“The Bad Girl” by Mario Vargas Llosa

 “The Bad Girl” by Mario Vargas Llosa (2006)  – 276 pages  Translated by Edith Grossman

In the early 1980s I discovered Latin American literature in a big way.  As with so many United States readers, it all started for me with Gabriel Garcia Marquez of Columbia and his novel of magical realism, “One Hundred Years of Solitude”, one of those books you must read if you haven’t already done so.  I won’t try to be at all comprehensive and will mention only a few of the novels I read after that.  Some of the novels I most appreciated were “We Love Glenda So Much” by Julio Cortazar from Argentina,  “Betrayed by Rita Hayworth” by Manuel Puig also from Argentina,  “The House of the Spirits” by Isabel Allende from Chile, “El Senor Presidente” by Miguel Angel Asturias from Guatamala, and  “Gabriela, Clove, and Cinnamon” by Jorge Amado from Brazil. Actually I could mention about seven or eight novels by Jorge Amado, because he was my favorite.  

That era was a Renaissance for Latin American literature.  I read so many great novels that it led me to some of the classical Latin American writers such as Ciro Alegria from Peru whose “The Golden Serpent” was superb and finally to Joaquin Maria Machado de Assis from Brazil who wrote several novels including “Epitaph for a Small Winner” and “Don Casmurro” and is probably one of the greatest writers who ever lived. 

Another writer I discovered at the same time as Cortazar, Puig, and Amado was Mario Vargas Llosa from Peru.  I was lucky to discover him fairly early in his career.  I started with the novel that sort of made Vargas Llosa’s career, “Aunt Julia and the Scriptwriter”.  At the time, that book fairly blended in with all the others, a rich combination of the political and the romantic.   Since this was in the early Eighties, the only way to read more of his novels was to read his earlier work.  Two of these early works that I really admired were “Captain Pantoja and the Secret Service” and “The Green House”.

At some point, I started to tell people that Mario Vargas Lllosa was probably as deserving of a Nobel Prize as Gabriel Garcia Marquez.  At that time I suppose it was a fairly obnoxious thing to say.  Still Vargas Llosa seemed like a guy who was born to write,whose delight in creating stories shined through in all his work.  His books dealt with dramatic political situations, but at the same time they always contained romance and humor, everything I had come to expect from South American novels.   In some ways, Vargas Llosa’s enthusiasm for writing reminds me of the Japanese writer Haruki Murakami.   

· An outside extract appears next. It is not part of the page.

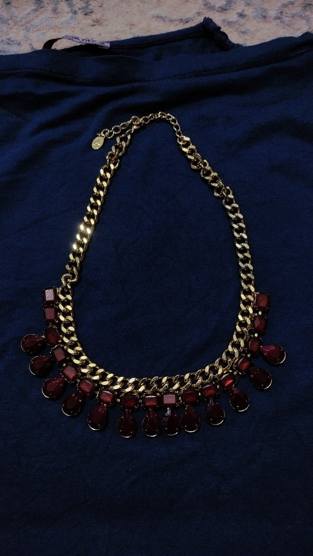Bohem tarzda, bordo desenli taşlarla süslenmiş zincir detaylı kadın kolyesi. Normal midi uzunlukta, romantik akşamlar için uygun, göz alıcı ve retro görünümlü.

Over the years, I’ve kept up with his work, so when he won the Nobel Prize himself, I decided to read his novel “The Bad Girl”.  “The Bad Girl” is a story that starts out in Peru when the good boy Ricardo and bad girl Lily are kids and follows them around the world from Paris to swinging London to Japan to Spain for the next forty years.  Ricardo’s life as a translator and interpreter is constant while the bad girl switches from rich husband to richer husband to even richer husband and gets involved in ever more compromising situations.  Yet Ricardo’s love is enduring from their first school yard romance when they were thirteen years old.  Along the way we sometimes hear about peripheral serious dramas, but mostly it is a playful silly little novel, maybe a good one to read if you haven’t read Vargas Llosa before and are afraid you might be intimidated by his work.  

    “To the bad girl, with the unchanging affection of the little pissant who translated these stories.”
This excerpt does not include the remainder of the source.